KRAUSE, Circuit Judge.

With the Medical Device Amendments of 1976, Congress added comprehensive medical device approval processes to the Federal Food, Drug, and Cosmetic Act, prescribing tiers of federal requirements for certain devices corresponding to the device's inherent risk level. In exchange for compliance with the strictest federal mandates, Congress afforded manufacturers express preemption from state laws imposing different or additional "safety or effectiveness" requirements for those devices. 21 U.S.C. § 360k(a)(2). This case presents an issue of first impression among the Courts of Appeals: how courts should apply that express preemption provision to state law tort claims challenging the design and manufacture of a medical device comprised of multiple components, some of which are from "Class III" medical devices subject to federal requirements, Riegel v. Medtronic, Inc. , 552 U.S. 312 , 322-23, 128 S.Ct. 999 , 169 L.Ed.2d 892 (2008), and some of which are from medical devices that carry a different class designation and are not subject to those requirements, see Medtronic, Inc. v. Lohr , 518 U.S. 470 , 475-78, 494-95, 116 S.Ct. 2240 , 135 L.Ed.2d 700 (1996).

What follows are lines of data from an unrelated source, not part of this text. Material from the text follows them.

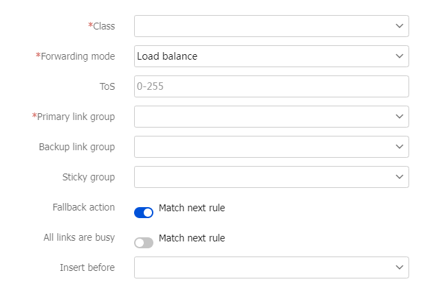 Busy action | Specify that the next rule is matched when all links are busy. |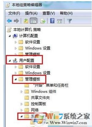 步骤三:在点击“用户配置”后,在下拉菜单中会弹出“管理模板”我们点击它,之后会弹出一个“系统”选项,我们点击;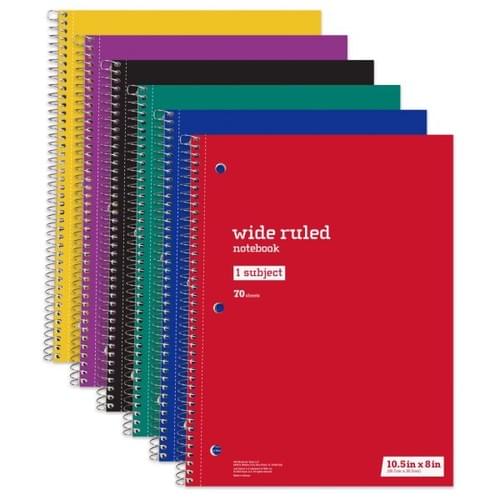 Just Basics Spiral Notebook, 8" x 10-1/2", Wide Ruled, 70 Sheets, Assorted Colors, Pack Of 6 Noteboo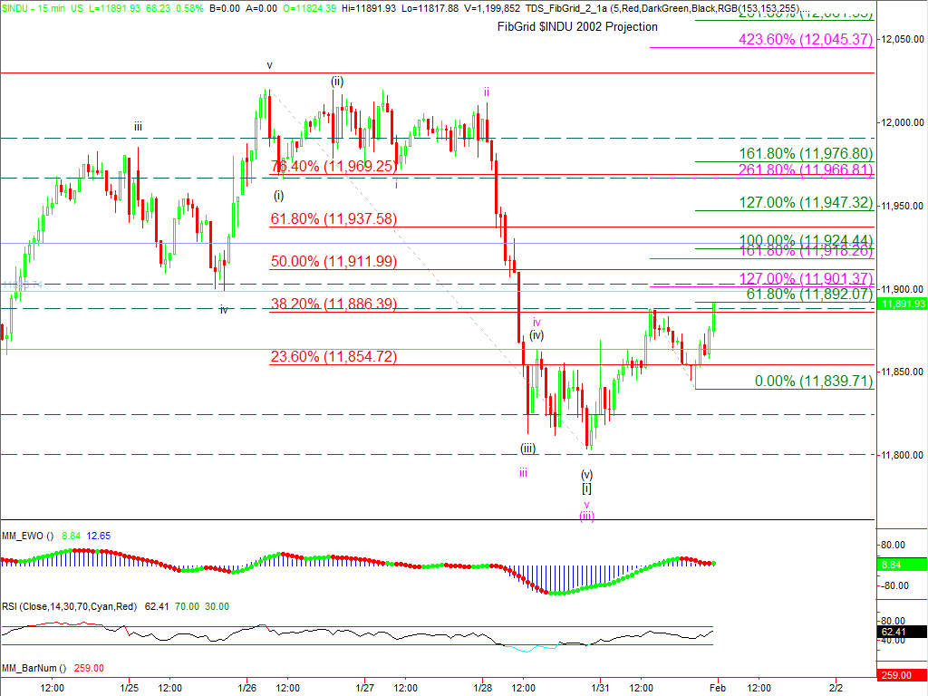 The Euro has retraced all of its sharp decline and put in a new high, calling into question what the short-term count might be.  Even though the similar decline in equities hasn’t been erased, we remain cautious.  At the moment, the count in the DJIA favors a continued decline and we will stick with that view until proven wrong.  However, the situation in the Euro points out that we can be proven wrong.  Therefore it’s particularly important to pay attention to confirmation levels and non-confirmation levels that we look at each day in our briefings.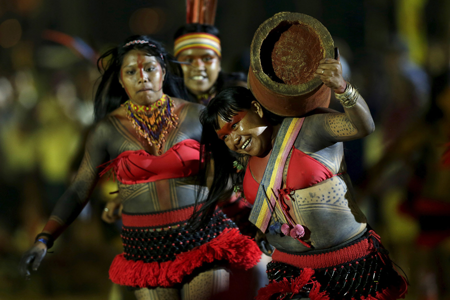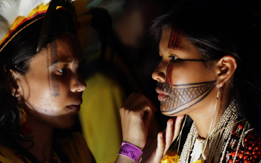 Women from the Kayapo, left, and the Rikbaktsa ethnic groups take part in the parade of indigenous beauty at the World Indigenous Games on October 24, 2015.Eraldo Peres / AP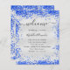 Ein silbernes Imitat, mit königsblauen Konfetti dekoriert, Glitzern. Schwarzer Text. Personalisieren und fügen Sie Ihre Namen und das Hochzeitsprogramm.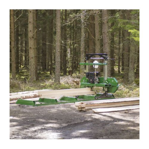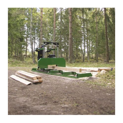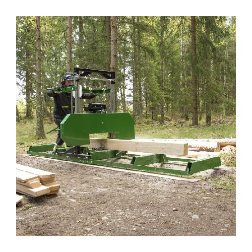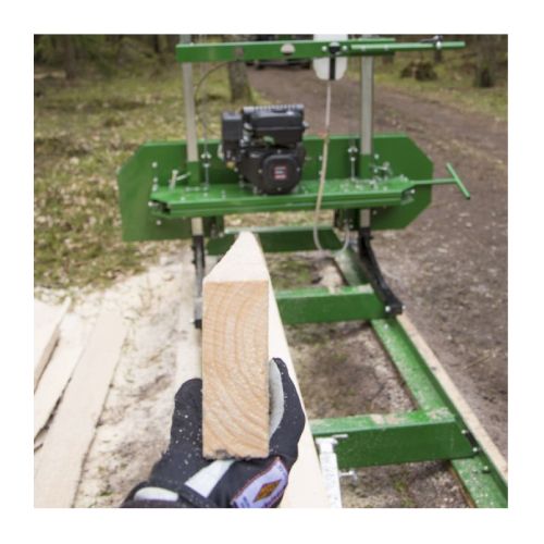 Lentzāģis (darbināms ar benzīna motoru). Praktisks lentzāģis ar viegli piestiprināmām sliežu sekcijām, lai pielāgotu vēlamo koka garumu, kā arī savilkšanas āķi, lai noturētu koku vietā. Ar ūdeni dzesējams lentzāģa asmenis un lentes vadotnes ar lodīšu gultņiem. Jaudīgs motors, spēka pārvads ar siksnu, koksnes biezuma regulēšana līdz milimetram. Ar horizontālo sliedi, regulējamām atbalsta kājām. Griešanas izmēri: maksimālais stumbra d=508mm, maksimālais dēļa platums 508mm, maksimālais dēļa biezums 114.3mm, maksimālais zāģa garums 2800mm (bez pagarinājuma). Zāģēšanas lentes izmēri: lentes augstums 32mm, lentes garums 3760mm, lentes biezums 0.9mm. Lentzāģa lente TPI 1.1 (zobs collā). Lentzāģa griešanas ātrums: 16.65m/s. Lentzāģa kopējie izmēri: garums 3970mm, platums 1800mm, augstums 1570mm. Svars: 247kg.

Because the plaintiffs' negligence, strict liability, and breach of implied warranty claims in their Second Amended Complaint are expressly preempted, we will affirm the District Court's ruling in that respect. But because the plaintiffs adequately pleaded other, non-preempted claims, and because jurisdictional discovery is warranted with respect to personal jurisdiction over one of the defendants, we will reverse the District Court's dismissal of some of the plaintiffs' claims in their Third Amended Complaint, vacate the District Court's personal jurisdiction ruling, and remand for proceedings consistent with this opinion.

I. Background

After Walter Shuker underwent a hip replacement surgery that resulted in unexpected complications, he and his wife, Vivian Shuker, brought tort claims against Smith & Nephew, Inc. ("Smith & Nephew"), the manufacturer of his hip replacement system, and Smith & Nephew, PLC ("PLC"), the manufacturer's parent company. Before turning to the details of Mr. and Mrs. Shuker's dispute with Smith & Nephew and with PLC, we review the relevant statutory and regulatory scheme for context.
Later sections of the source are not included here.